━━ Supplied data
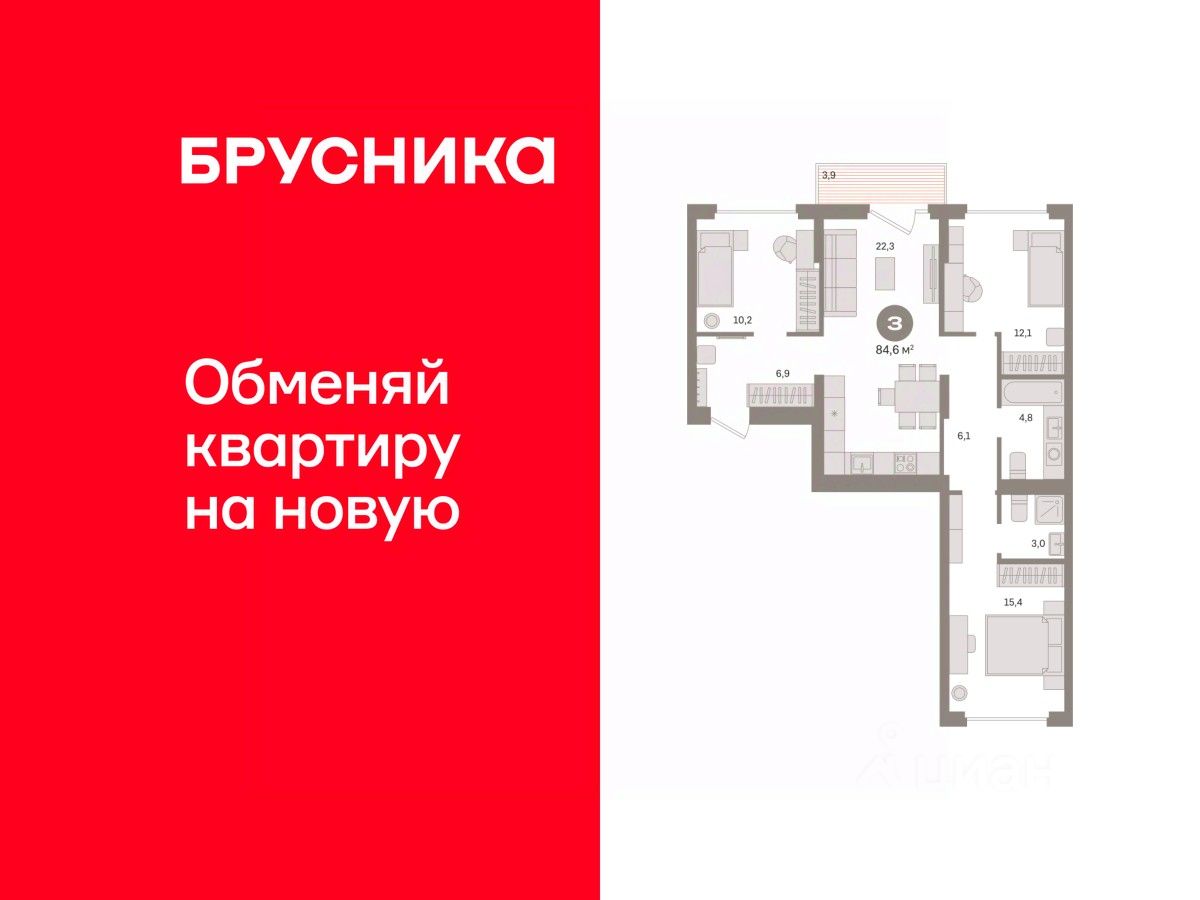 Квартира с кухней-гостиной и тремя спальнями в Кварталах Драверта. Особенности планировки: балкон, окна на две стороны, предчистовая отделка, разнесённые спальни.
━━━━
━━ Supplied data
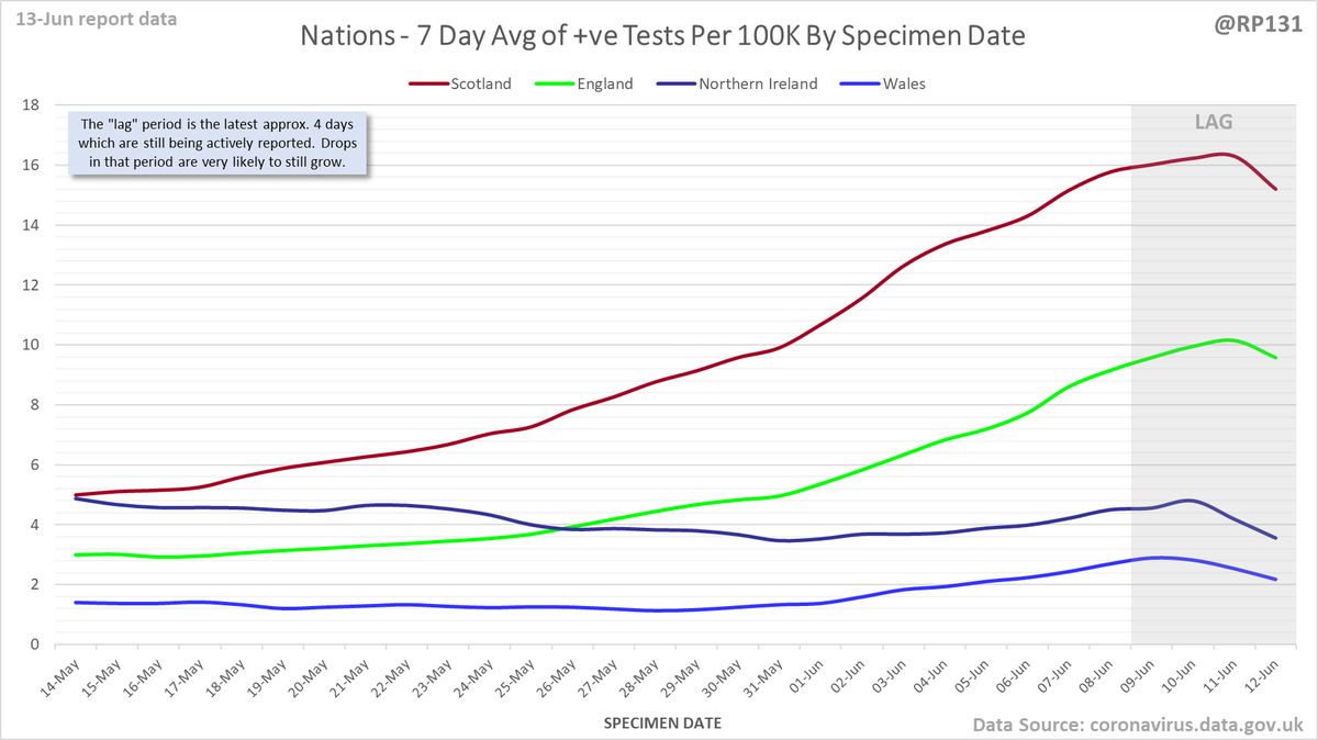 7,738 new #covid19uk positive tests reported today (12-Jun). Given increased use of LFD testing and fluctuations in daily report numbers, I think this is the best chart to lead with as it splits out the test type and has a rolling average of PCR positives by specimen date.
━━━━
━━ Supplied data
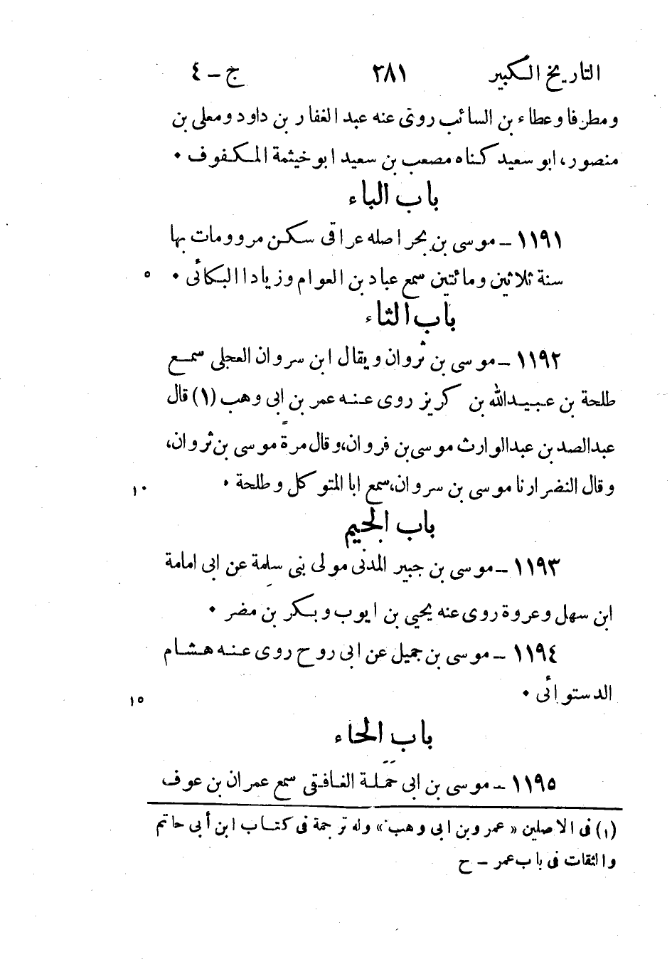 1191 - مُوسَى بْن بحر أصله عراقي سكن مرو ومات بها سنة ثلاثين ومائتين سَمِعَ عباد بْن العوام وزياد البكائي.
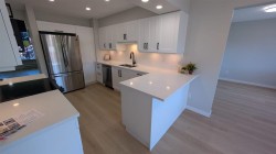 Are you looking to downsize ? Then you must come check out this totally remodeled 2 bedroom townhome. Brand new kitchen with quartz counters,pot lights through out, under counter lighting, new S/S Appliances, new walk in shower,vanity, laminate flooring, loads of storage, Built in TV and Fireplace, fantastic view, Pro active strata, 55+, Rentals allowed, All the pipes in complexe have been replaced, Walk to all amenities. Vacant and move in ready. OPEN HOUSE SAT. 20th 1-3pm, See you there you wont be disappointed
━━━━
• _Task to complete_: Copy out exactly the material that runs from the line with "1191 - مُوسَى" to the line with "Are you looking", ends included, and leave the pictures behind.

• _Response for this exercise_:
 1191 - مُوسَى بْن بحر أصله عراقي سكن مرو ومات بها سنة ثلاثين ومائتين سَمِعَ عباد بْن العوام وزياد البكائي.
 Are you looking to downsize ? Then you must come check out this totally remodeled 2 bedroom townhome. Brand new kitchen with quartz counters,pot lights through out, under counter lighting, new S/S Appliances, new walk in shower,vanity, laminate flooring, loads of storage, Built in TV and Fireplace, fantastic view, Pro active strata, 55+, Rentals allowed, All the pipes in complexe have been replaced, Walk to all amenities. Vacant and move in ready. OPEN HOUSE SAT. 20th 1-3pm, See you there you wont be disappointed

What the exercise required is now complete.